Rifampicin on activity of mephenytoin 4′-hydroxylase

The enzyme (CYP2C19) that 4′-hydroxylates S- mephenytoin (S-MP) is a genetically polymorphic cytochrome P450. Based on the activity of CYP2C19, individuals are phenotyped as extensive metabolizers (EM) and poor metabolizers (PM). S-MP is extensively metabolized in EMs; this results in a lower S/R ratio measured in EMs than that in PMs. The PM phenotype is inherited as a Mendelian autosomal recessive trait involving two alleles at a single gene locus. Recently, two genetic mutations (m1 and  m2 ) have been found to result in PM of S-MP. The m1 mutation, caused by a single base pair (G→A) mutation in exon 5 corresponding to base pair 681 of the cDNA, creates an aberrant splice site. This defect accounts for 75–85% of Caucasian and Japanese PMs. The  m2 mutation consisting of a G→A transition at base 636 has been found only in Oriental populations. It is well known that some of the enzymes in P4502C subfamily (including CYP2C19) can be induced in both animals and humans; also, chronic use of mephenytoin causes autoinduction. Treating EMs and PMs of S-MP with rifampicin, using mephenytoin as a probe, we previously reported that CYP2C19 activity was inducible in EMs but not in PMs. Recently we found that some of the PMs of S-MP whose genotypes were defined as m1/m1 or m1/m2 excreted as much as 8% of the dose as 4′-OH-MP. In addition, the S/R mephenytoin ratio of those m1 mutation heterozygous was lower than that of  m2 mutation heterozygou. These data suggest that the activity of 4′-hydroxylase of those heterozygous with m1 mutation is different from that of heterozygous with  m2 mutation. Moreover, the mephenytoin S/R ratio of the heterozygous (wt/m1 and wt/m2 ) is slightly higher than that of homozygous (wt/wt), indicating that genetics affects the 4′-hydroxylation of S-MP. Therefore, we hypothesize that the activity of 4′-hydroxylase in PMs with m1 mutation may not be lost completely and consequently its activity in these PMs should be inducible and the induction may be related to gene dose. The study was designed to test this hypothesis.
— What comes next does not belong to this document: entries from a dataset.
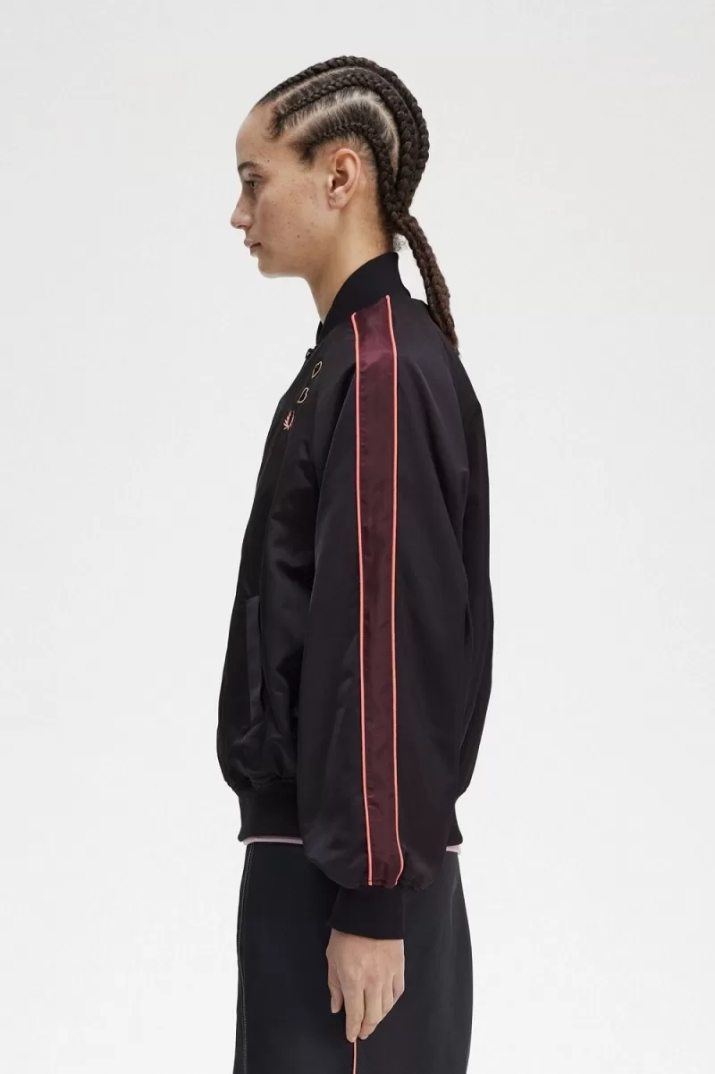 Bomberjacke mit bedrucktem Futter für Damen Schwarz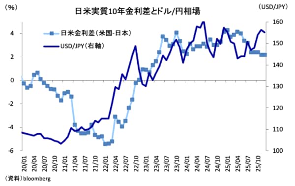 以下の図表に示しているように、2022年以降、日米実質金利差は急拡大しており、円安相場とおおむね安定した関係があるようにも見える。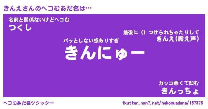 | 意味不明あだ名 | 『ペロリンきんえ』『きんえフォーエバー』 |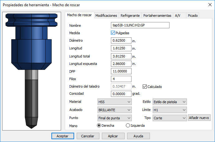 Punta — Los machos de roscar de Final plano terminan en plano y los de Final de punta terminan en punta. Si se requiere un macho de roscar de final plano para un agujero ciego, se genera un mensaje de aviso en la hoja de operaciones. Independientemente del tipo de herramienta que se utilice para el roscado, es necesario que el agujero tenga suficiente distancia de seguridad para el roscado. Cuando el agujero no cumple este requisito, se genera un mensaje de error al introducir las dimensiones del agujero.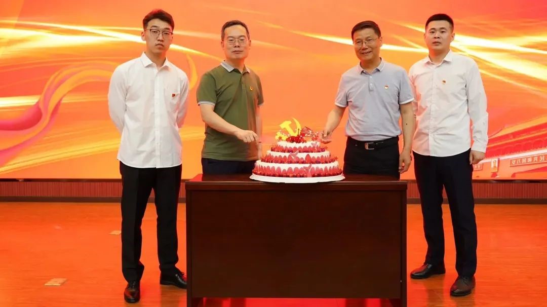 会议结尾,马勇书记和张建高副书记为大家切蛋糕并合影留念,全体同志许下愿望,希望在以后时时刻刻不忘初心、牢记使命。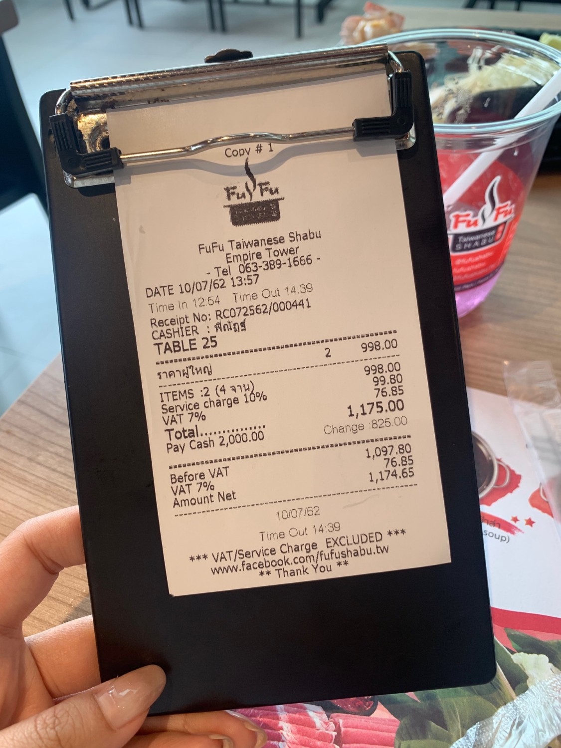 ช่วงประมาณเที่ยงก็ถึงเวลานัดกับเพื่อนพอดี เราเลือกไปกินที่ Fufu Shabu เพราะเพื่อนเราเคยกินละบอกว่าอร่อยดี ของเยอะ มันเลยแนะนำที่นี่ เพราะจะได้เลือกกินหลายอย่างที่เหมาะกับสายฟิตเนสแบบเรา ถึงที่ร้านได้เห็นกับตาว่าของเยอะมาก ทั้งผัก เนื้อสัตว์ ซีฟู้ด ลูกชิ้น เยอะยันน้ำจิ้ม จนไม่รู้ว่าจะเริ่มจากตรงไหนก่อนเลย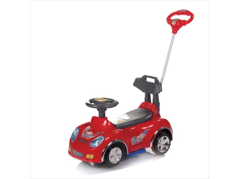 Детская каталка Jetem Cabrio оснащена дополнительной ручкой-толкателем, удобным сиденьем со спинкой,выдвижными подножками, емкостью для игрушек, клаксоном (звуковая кнопка на руле) и 5 мелодиями.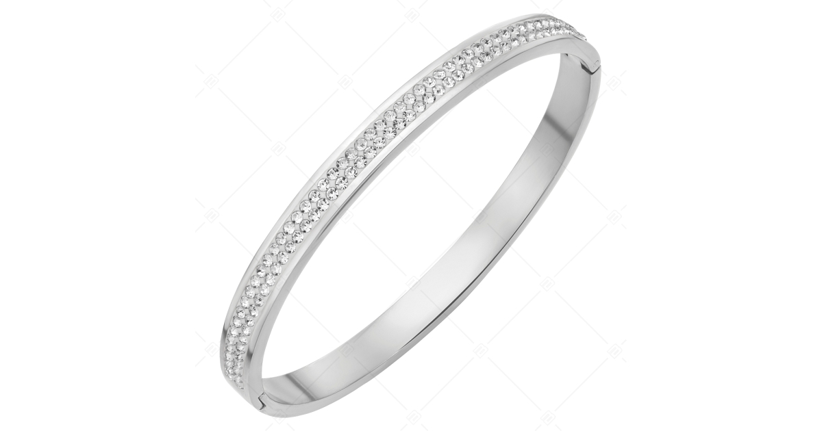 Bracelet décoré d'une double rangée de cristaux tchèques étincelants et transparents. Bijoux en acier inoxydable 316L de qualité médicale, antirouille et hypoallergénique. Accessoire extrêmement durable, couleur argentée avec polissage à haute brillance. Grâce à sa conception, il peut être porté confortablement dans la vie quotidienne.

Seven male Chinese EMs of S-MP and five PMs with m1 mutation whose genotype was defined in previous studies, aged 19 to 22 (21±1 years, mean±s.d.), weighing 54 to 75  kg (58.9±6.2  kg) were enrolled in the study. No subject had had recent illness, and none had taken drugs for at least 2 weeks prior to or during the study. No subject had any abnormalities on physical examination or any biochemical evidence of renal or hepatic disorders. Four of the EMs were genotyped as homozygous (wt/wt), three as heterozygous (two as wt/m1 and one as wt/m2 ); four of the PMs were genotyped as m1/m1, one as m1/m2. The study protocol was approved by the Ethics Committee of Hunan Medical University and written consent was obtained from the subjects.

After an overnight fast, all the subjects took 100  mg racemic mephenytoin (Mesantoin®, Sandoz Pharmaceuticals, Inc.). 0–8  h and 8–24  h urine were collected and the volume was measured. Urine samples were stored at −15°  C until assayed. From the second day on, every subject received 300  mg rifampicin (Rifampicin Capsule, 150  mg/capsule, pitch number: 950106, Xinyang Pharmaceuticals of Henan Province, PRC) daily for 22 days and racemic mephenytoin was again administered along with the final dose of rifampicin, urine samples were collected and stored in the same way as mentioned above.

The 0–8  h urinary mephenytoin S/R ratio was measured by gas chromatography. The amount of 4′-OH-MP excreted in the 0–8  h and 8–24  h urine was determined by high performance liquid chromatography.

The data were analyzed by paired t-test and rank sum test with P<0.05 as the minimal level of statistical significance.